|
Page 1 of 5
Farewell Vista, Hello XP
How to make the switch back and
deal with the
gnarly problem of transferring your Vista e-mail, contacts, and user
data back to the old standby operating system.
After exploring
Windows Vista for about six months on my test-bed PC, I
decided two
months ago that, along with upgrading the motherboard and CPU in my
main work machine, I'd "upgrade" to Microsoft's latest operating system.
Vista's
new navigation features had slowly grown on me, though I hadn't tried
to work daily with the OS. Vista's appearance has it all over
standard
XP, and there are tons of usability features that beckon--after you
turn off the incredibly annoying User Account Control that constantly
bugs you when you want to install programs or tweak things.
For
example, I love being able to shut down with one click; I like the junk
filtering in Windows Mail (Vista's upgraded version of Outlook
Express); and I appreciate the way I can easily drag User
folders
(formerly My Documents) to a new location so I can consolidate them
with other data that I regularly back up.

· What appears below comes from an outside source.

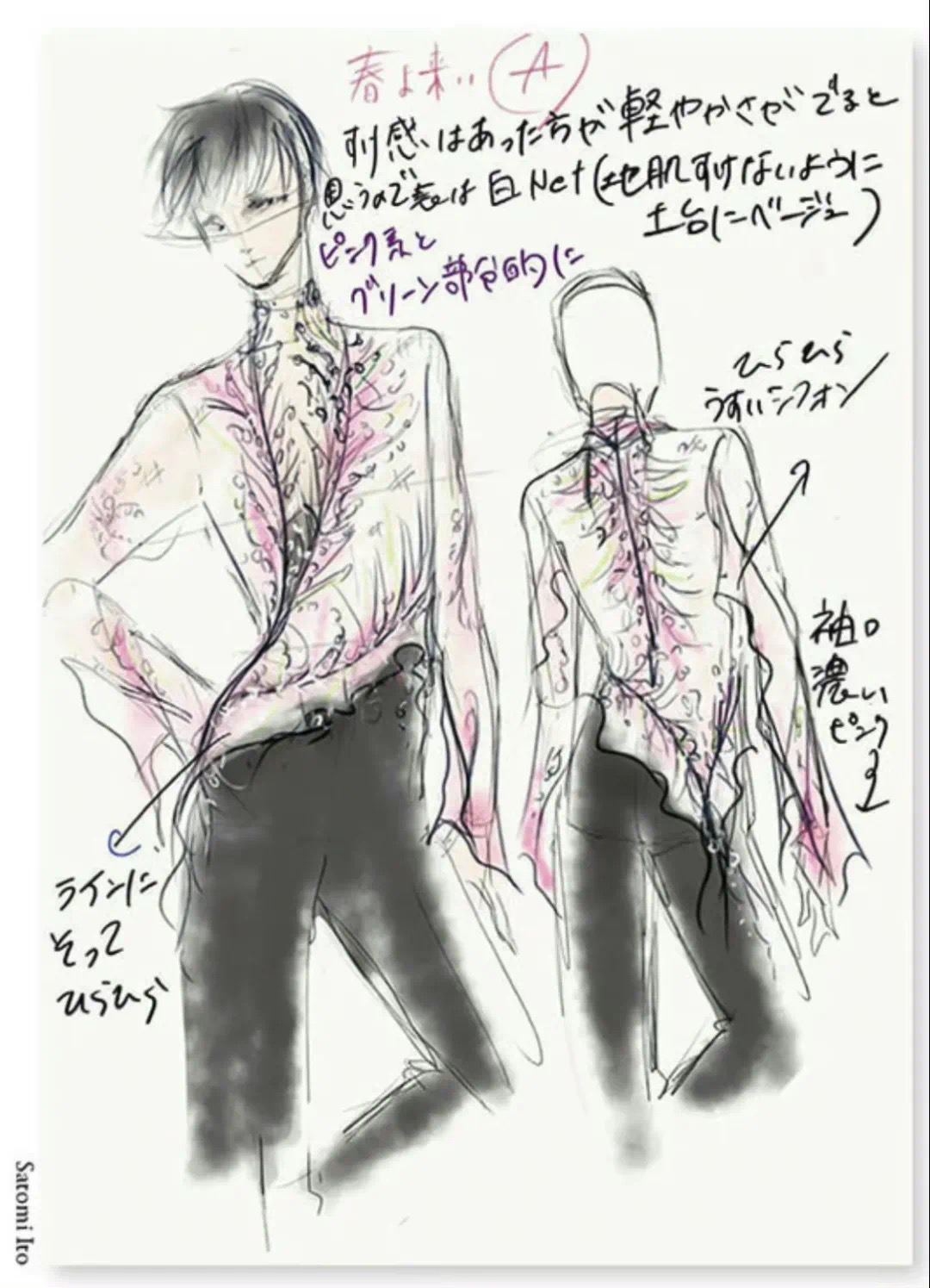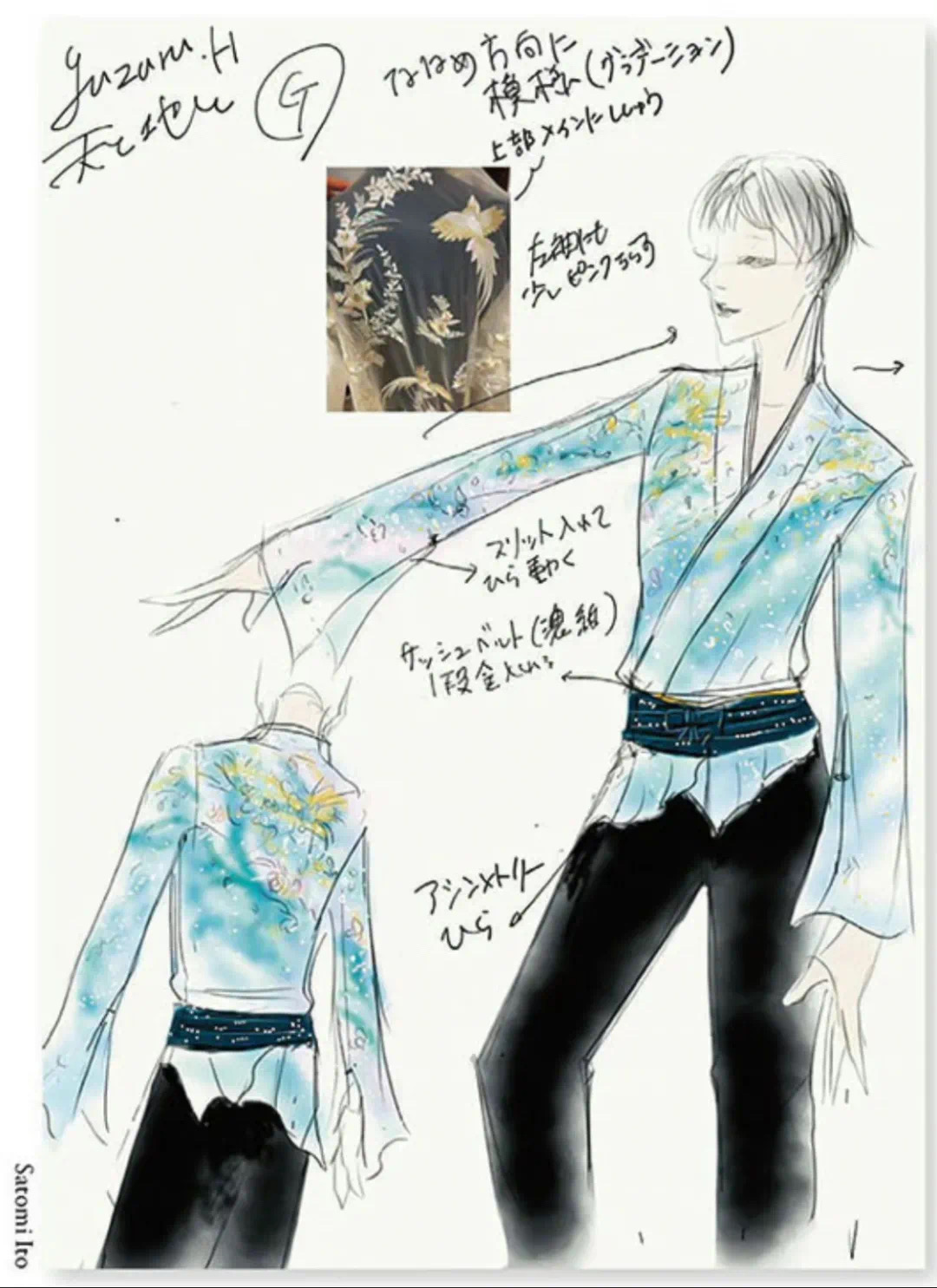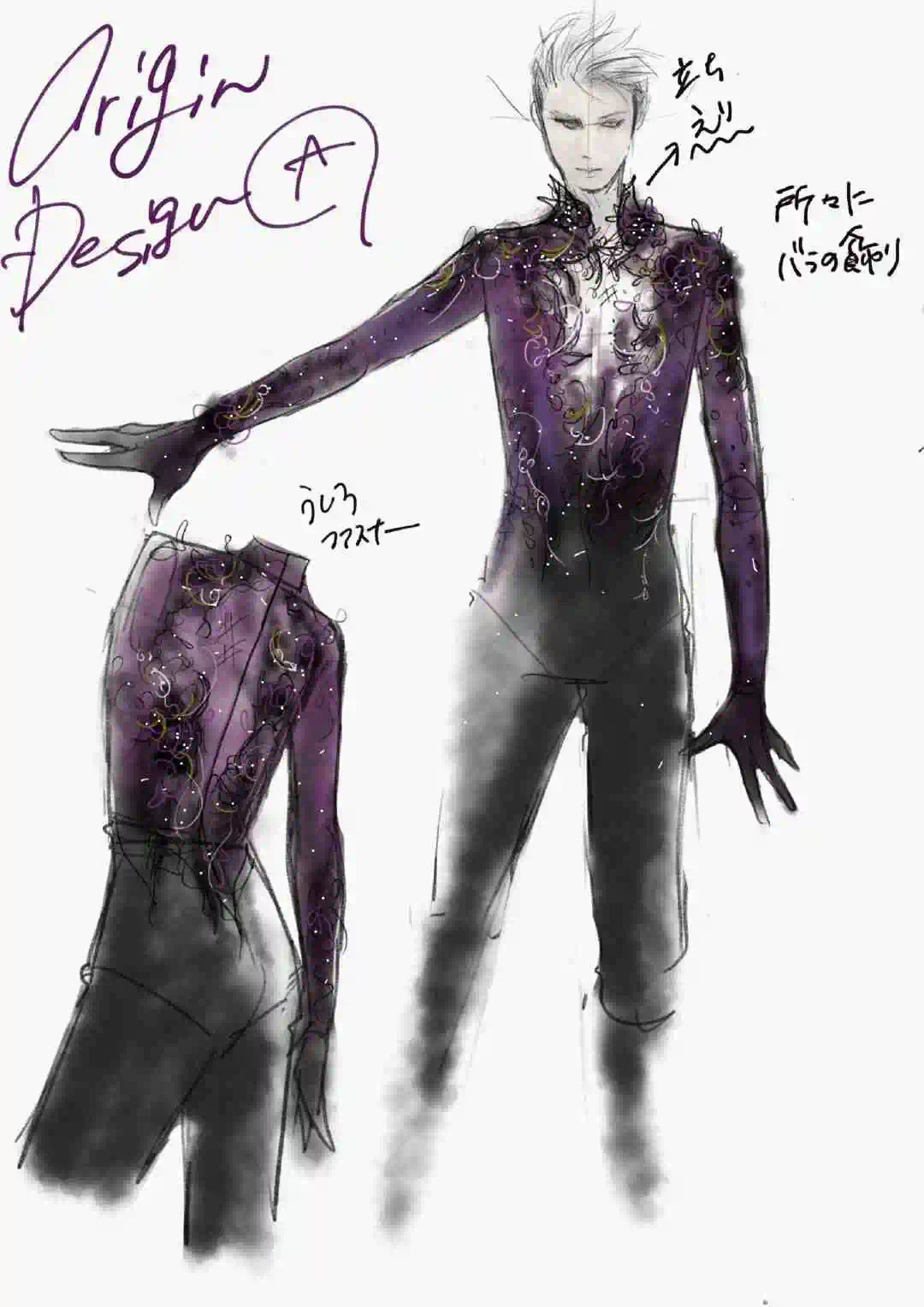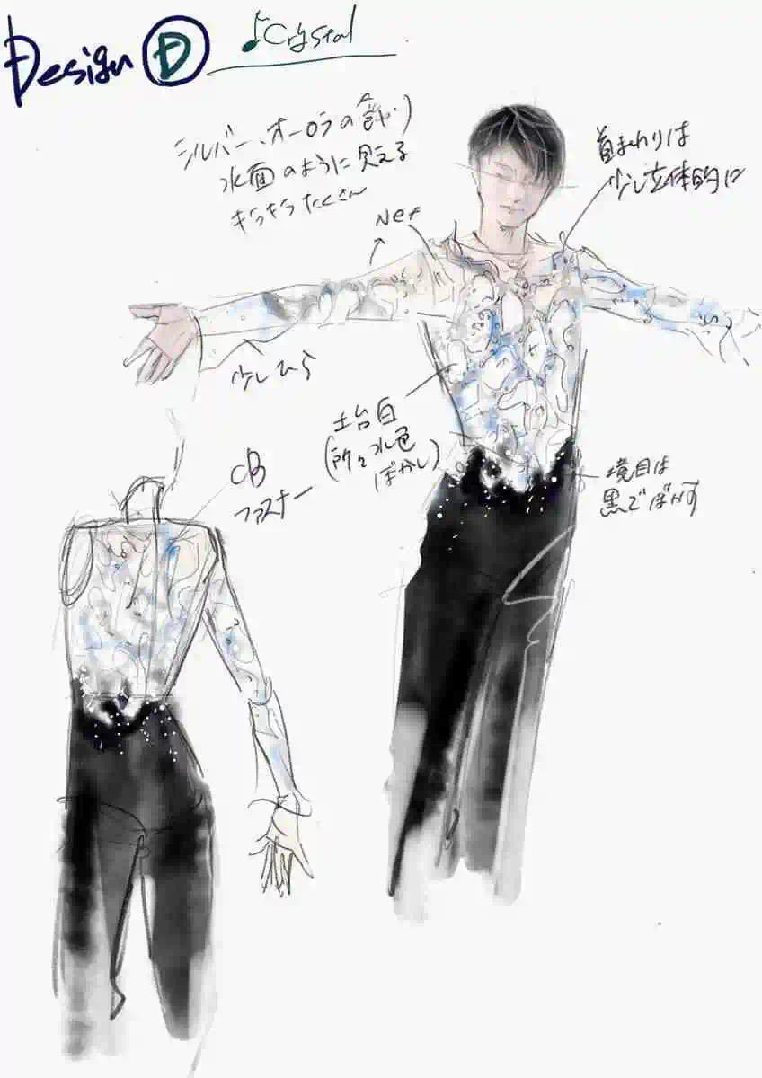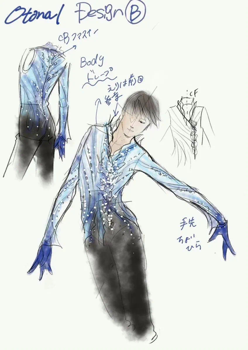 看了一下羽生结弦的比赛服手稿和细节。
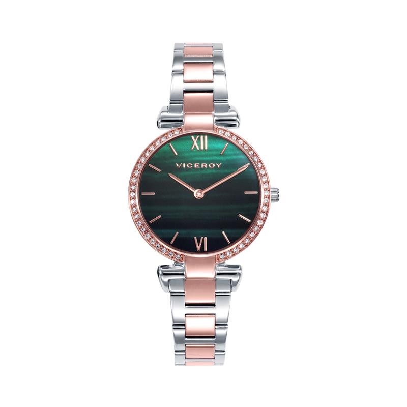 Reloj Viceroy para mujer de la colección Chic fabricado en acero inoxidable plateado y rosado. Este atractivo reloj es de diseño elegante y femenino compuesto por caja en rosado formada por cristales brillantes con esfera verde que cuenta con indicadores y agujas en rosado movidas por mecanismo de cuarzo analógico. Todo ello protegido por cristal mineral. Su brazalete lo forman eslabones plateados y rosados con cierre desplegable mediante doble pulsador. Resistente al agua hasta 5 ATM.

Annoyances Drive Me Backwards
Unfortunately, small time-wasting annoyances in Vista cropped
up almost immediately. Auto-complete of e-mail addresses in Windows
Mail works only with the 29 most recently used contacts (I have well
over a thousand), and overall the program is slow. The Search Indexer
had an irritating tendency to start when I watched an HD DVD,
and despite of the absence of multimedia files in a folder,
most folders showed useless columns for Artists, Tags, and Ratings. I
must have wasted an hour changing them to Size and Date Modified
headings--and then the folder would sometimes magically change from
detail view to icon view. To be fair, that last part is a holdover bug
from XP, but all I've described was just the tip of the iceberg.
As irksome as these things were, I considered them livable. It
was only when I discovered that my sound card's drivers for ASIO (a
high-performance audio standard for recording musical instruments and
vocals) didn't work well under Vista that the balance tipped
irretrievably towards "downgrading" to XP.
The beta ASIO drivers may have been spotty, it may have been a
system configuration problem, it may have been me--Vista is actually
reputed to be much better for Pro audio--but I decided that it was time
to revert to good old stable XP with its mature driver support.